Он доброжелательно на меня смотрел своими огромными глазами. Он был не против и время от времени терся об мою руку, чтобы отогнать мошек и заставить меня поприставать к нему еще немножко с этими моими глупостями.
Мне стало получше.
Мне стало получше, и я больше не обращала внимания ни на нежность мамаши Прилизанной, ни на межгалактическую глупость ее муженька.
Надеюсь, ты мне веришь?
Ты должна мне верить.
Франку и тебе я всегда говорю правду.
О’кей. Тогда перехожу к сути…
Его отец сказал «нет», я – «да».
Абсолютно синхронно.
После этого в разговоре повисла неловкая пауза.
Мсье Прилизанному все это крайне не понравилось, но он вынужден был отступить, потому что все принялись ему говорить, что я права, что наш осел и не осел вовсе, а чистый ягненочек, что надо доверять детям и прочую хрень.
В конце концов наш Хайльгитлер сдался, но было видно, что теперь он держит пацана на прицеле, и не дай Бог тому сплоховать.
Обстановочка.
Как и обещала, я не отставала от него ни на шаг и иногда, как его мама, потихоньку гладила его по голове.
Просто так.
Чтобы почувствовать…
Ну а поскольку все шло хорошо, мы все расслабились.
– Не может быть и речи, – тут же возразил его отец, крайне довольный представившейся ему возможностью укрепить свой авторитет в глазах группы, – ты хотел его вести, так вот и веди его теперь до конца. Это научит тебя серьезно относиться к принятию решений, дорогой мой Антуан. Взял на себя ответственность за это животное – вот и отлично, тогда не хнычь и веди его до стоянки, тебе понятно?
Хо-хо… Мне действительно надо было не вмешиваться в этот разговор…
Хо-хо… Где ты, мой Франки?
Не отдаляйся от меня, мой кот, побудь со мною рядом, а то я чувствую, что у меня уже рубашка в проймах трещит…

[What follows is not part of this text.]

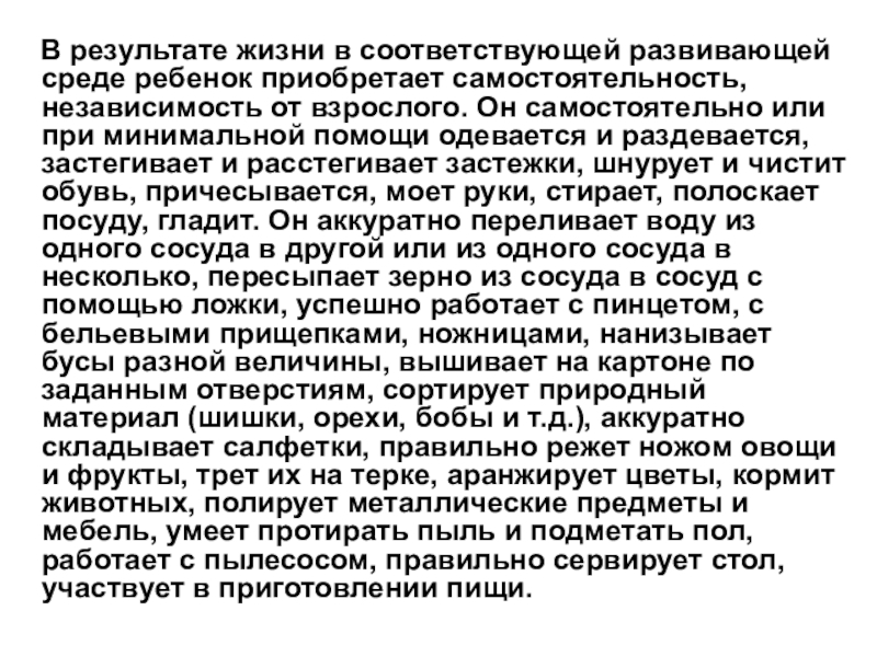 ребенок приобретает самостоятельность, независимость от взрослого. Он самостоятельно или при минимальной помощи одевается и раздевается, застегивает и расстегивает застежки, шнурует и чистит обувь, причесывается, моет руки, стирает, полоскает посуду, гладит. Он аккуратно переливает воду из одного сосуда в другой или из одного сосуда в несколько, пересыпает зерно из сосуда в сосуд с помощью ложки, успешно работает с пинцетом, с бельевыми прищепками, ножницами, нанизывает бусы разной величины, вышивает на картоне по заданным отверстиям, сортирует природный материал (шишки, орехи, бобы и т.д.), аккуратно складывает салфетки, правильно режет ножом овощи и фрукты, трет их на терке, аранжирует цветы, кормит животных, полирует металлические предметы и мебель, умеет протирать пыль и подметать пол, работает с пылесосом, правильно сервирует стол, участвует в приготовлении пищи.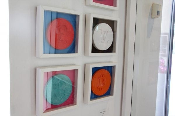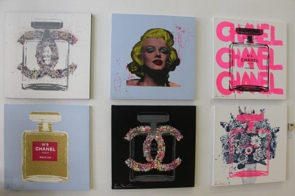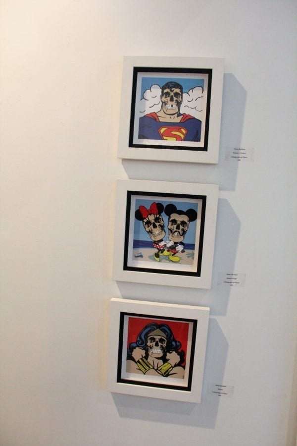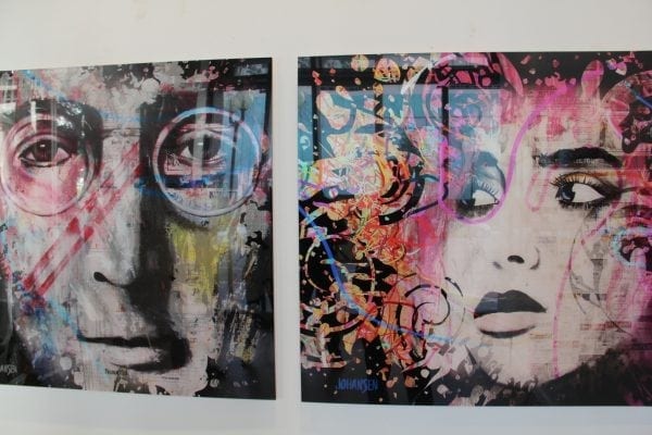 Libertine’s permanent, rotating collection includes Australian artist Shane Bowden, whose works call into question our ideas around entertainment, pleasure, fashion and consumerism, mixing elements of shock and humor with familiar logos, imagery and icons, both illustrated and human. His imagery encompasses graffiti, figure realism, abstract expressionism, and black-and-white print in an array of media. He claims Warhol, Rauschenberg, Damien Hirst as his major influences, and uses humor and levity to help us deal with life’s frustrations.

А сама я, по-моему, начинаю понемногу зеленеть, разве нет?
И тут его отец одним резким движением руки влепил ему хорошенький подзатыльник, чтобы поучить жизни.
Ох, как же мне все это было знакомо…
Знакомо, потому что я знала все эти удары наизусть.
И это был один из худших.
Гнуснейший из гнуснейших.
Самый коварный.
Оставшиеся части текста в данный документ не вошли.